Supplied records ::
======

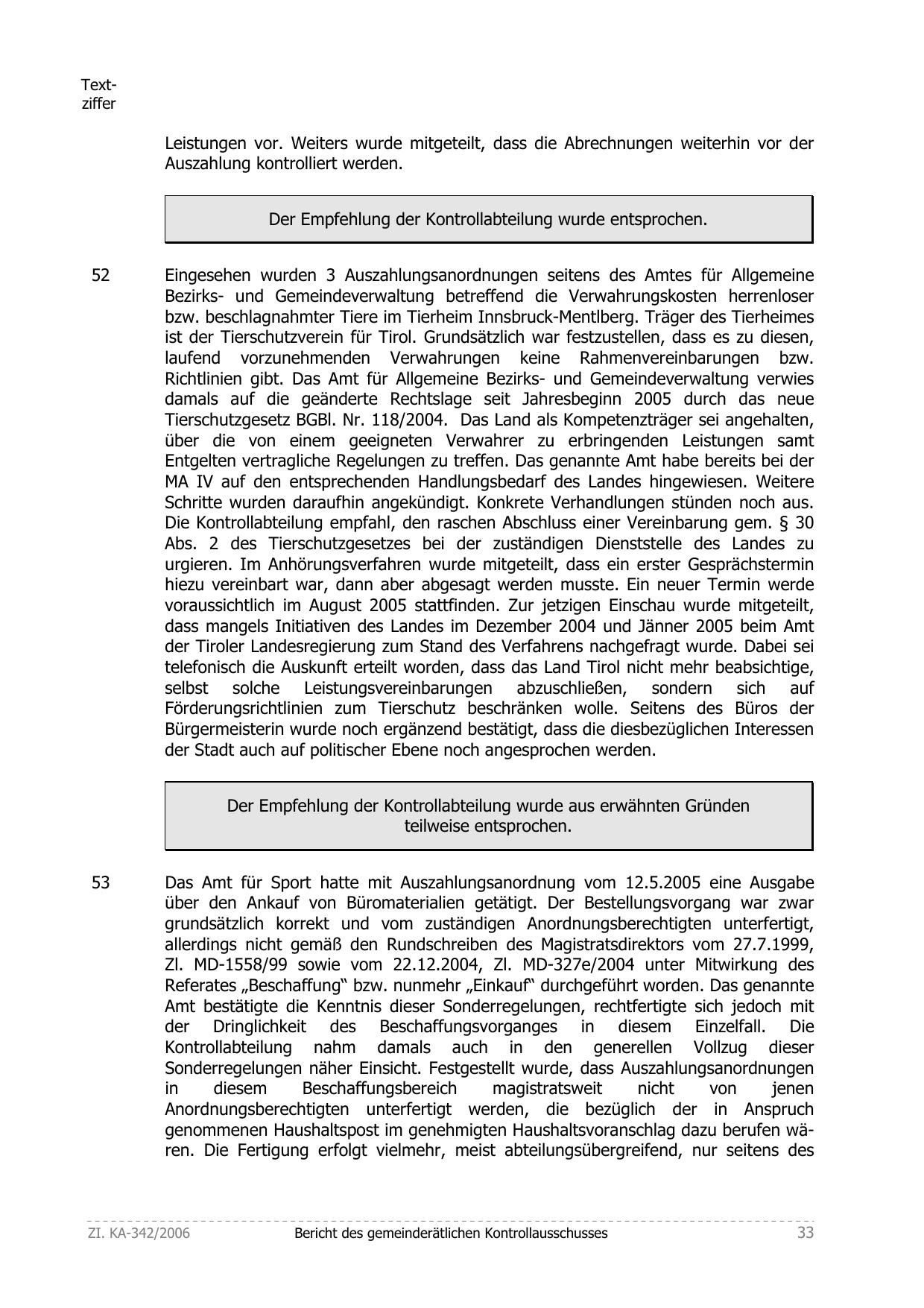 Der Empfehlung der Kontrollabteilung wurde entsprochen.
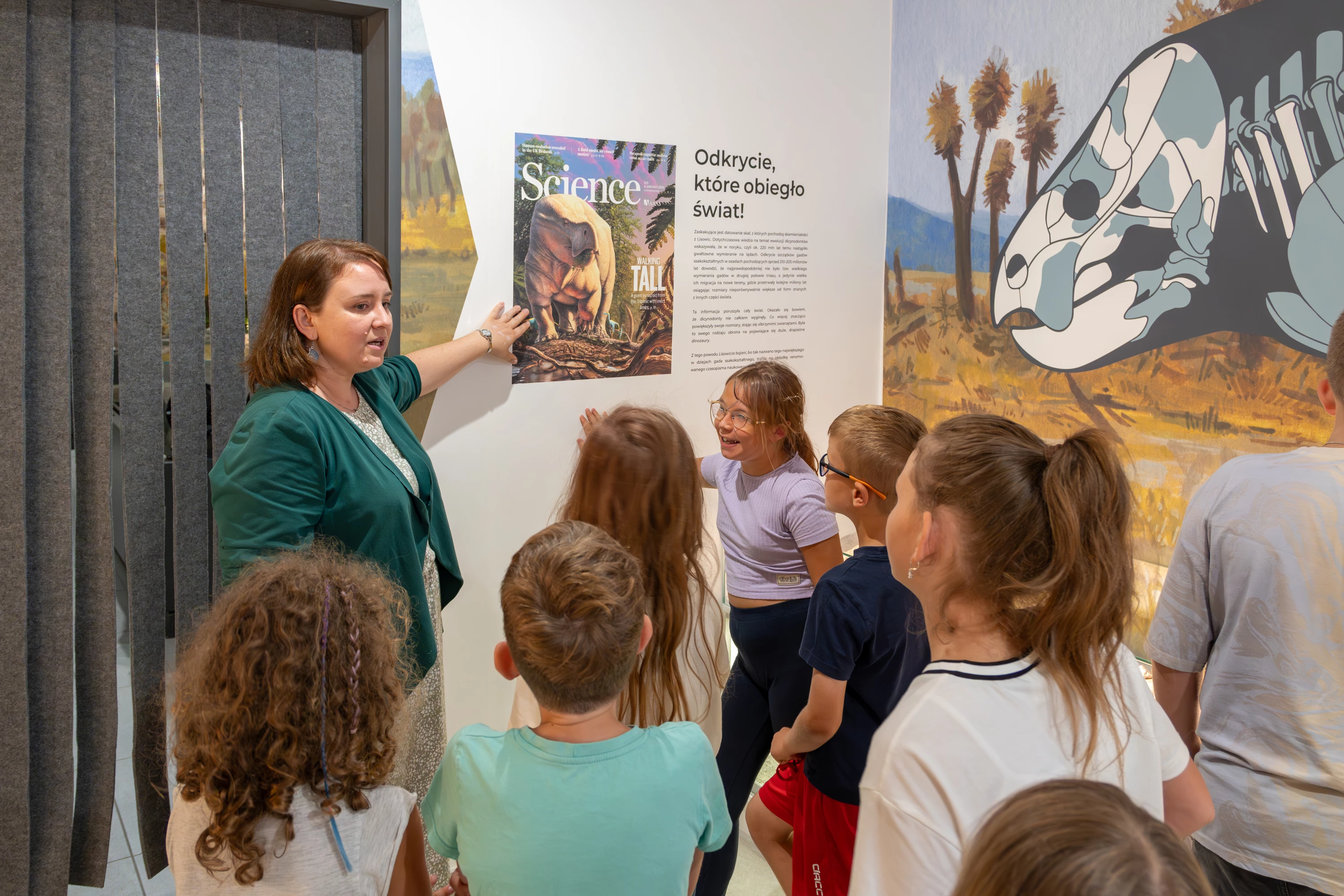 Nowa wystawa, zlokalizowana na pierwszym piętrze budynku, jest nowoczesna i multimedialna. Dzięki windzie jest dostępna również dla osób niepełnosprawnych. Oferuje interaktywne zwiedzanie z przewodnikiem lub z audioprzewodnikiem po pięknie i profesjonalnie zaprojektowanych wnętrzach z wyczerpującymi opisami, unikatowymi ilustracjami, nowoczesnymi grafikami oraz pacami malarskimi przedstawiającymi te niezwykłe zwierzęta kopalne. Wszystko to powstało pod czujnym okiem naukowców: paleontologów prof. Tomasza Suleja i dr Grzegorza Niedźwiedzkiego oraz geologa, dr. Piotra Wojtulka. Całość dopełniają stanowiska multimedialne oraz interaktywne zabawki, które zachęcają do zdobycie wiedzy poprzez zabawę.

======

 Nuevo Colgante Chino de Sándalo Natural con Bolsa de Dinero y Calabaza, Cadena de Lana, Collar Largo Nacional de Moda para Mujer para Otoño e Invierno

======

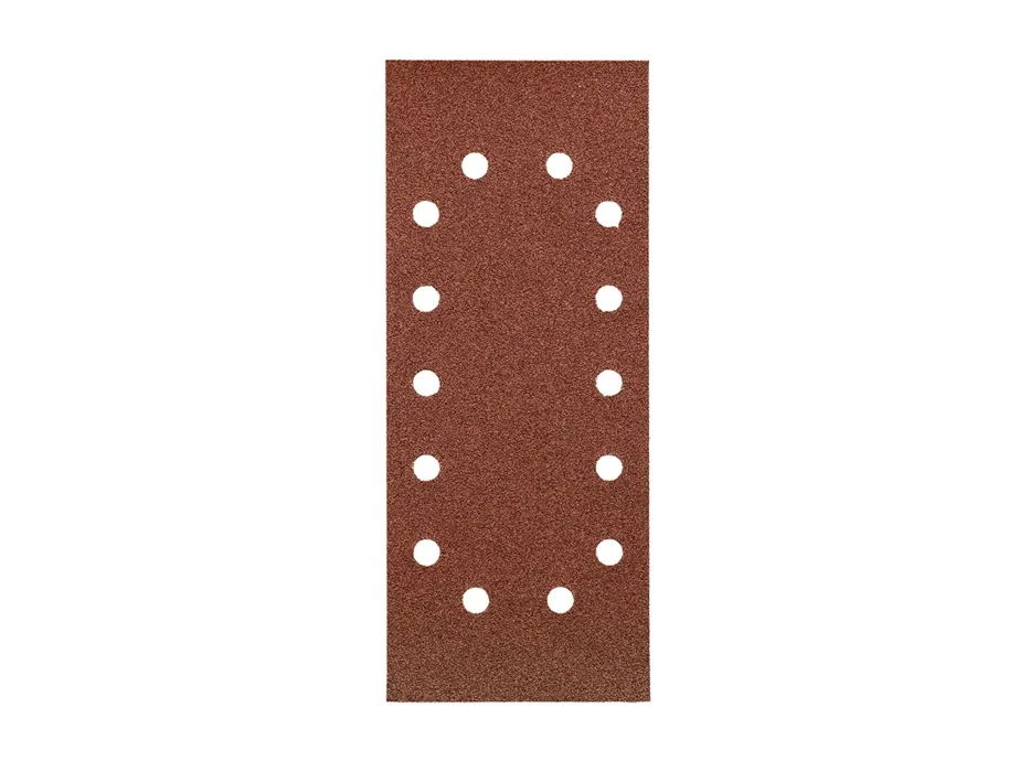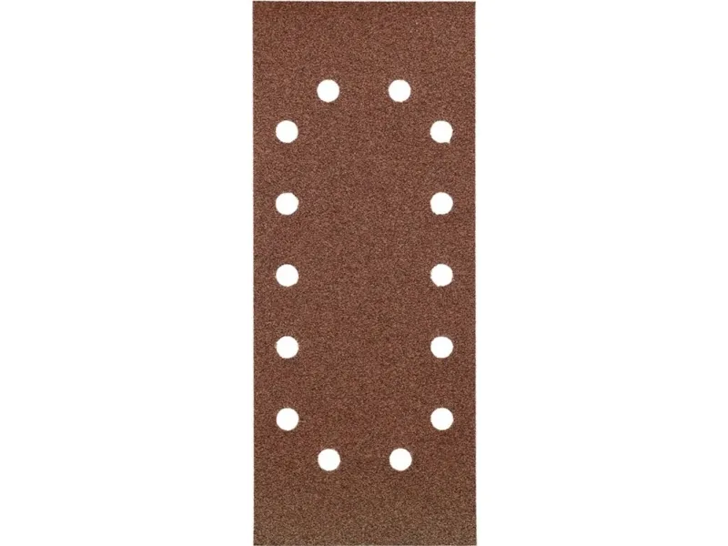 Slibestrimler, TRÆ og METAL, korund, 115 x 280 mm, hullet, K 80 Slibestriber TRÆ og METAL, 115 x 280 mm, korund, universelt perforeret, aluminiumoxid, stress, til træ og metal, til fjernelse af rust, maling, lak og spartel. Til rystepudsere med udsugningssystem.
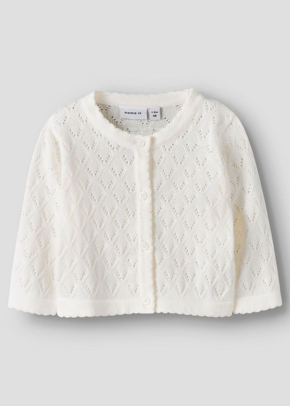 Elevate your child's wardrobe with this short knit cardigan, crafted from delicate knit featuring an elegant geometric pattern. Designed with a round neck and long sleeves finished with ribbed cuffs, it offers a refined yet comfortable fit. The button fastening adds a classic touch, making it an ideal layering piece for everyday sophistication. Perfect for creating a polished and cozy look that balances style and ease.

======

What you should do :: Everything above from the line that has "Slibestrimler, TRÆ og" down to the line that has "Elevate your child's" should be output exactly, with both of those lines included. Leave the pictures behind.

Written answer ::
 Slibestrimler, TRÆ og METAL, korund, 115 x 280 mm, hullet, K 80 Slibestriber TRÆ og METAL, 115 x 280 mm, korund, universelt perforeret, aluminiumoxid, stress, til træ og metal, til fjernelse af rust, maling, lak og spartel. Til rystepudsere med udsugningssystem.
 Elevate your child's wardrobe with this short knit cardigan, crafted from delicate knit featuring an elegant geometric pattern. Designed with a round neck and long sleeves finished with ribbed cuffs, it offers a refined yet comfortable fit. The button fastening adds a classic touch, making it an ideal layering piece for everyday sophistication. Perfect for creating a polished and cozy look that balances style and ease.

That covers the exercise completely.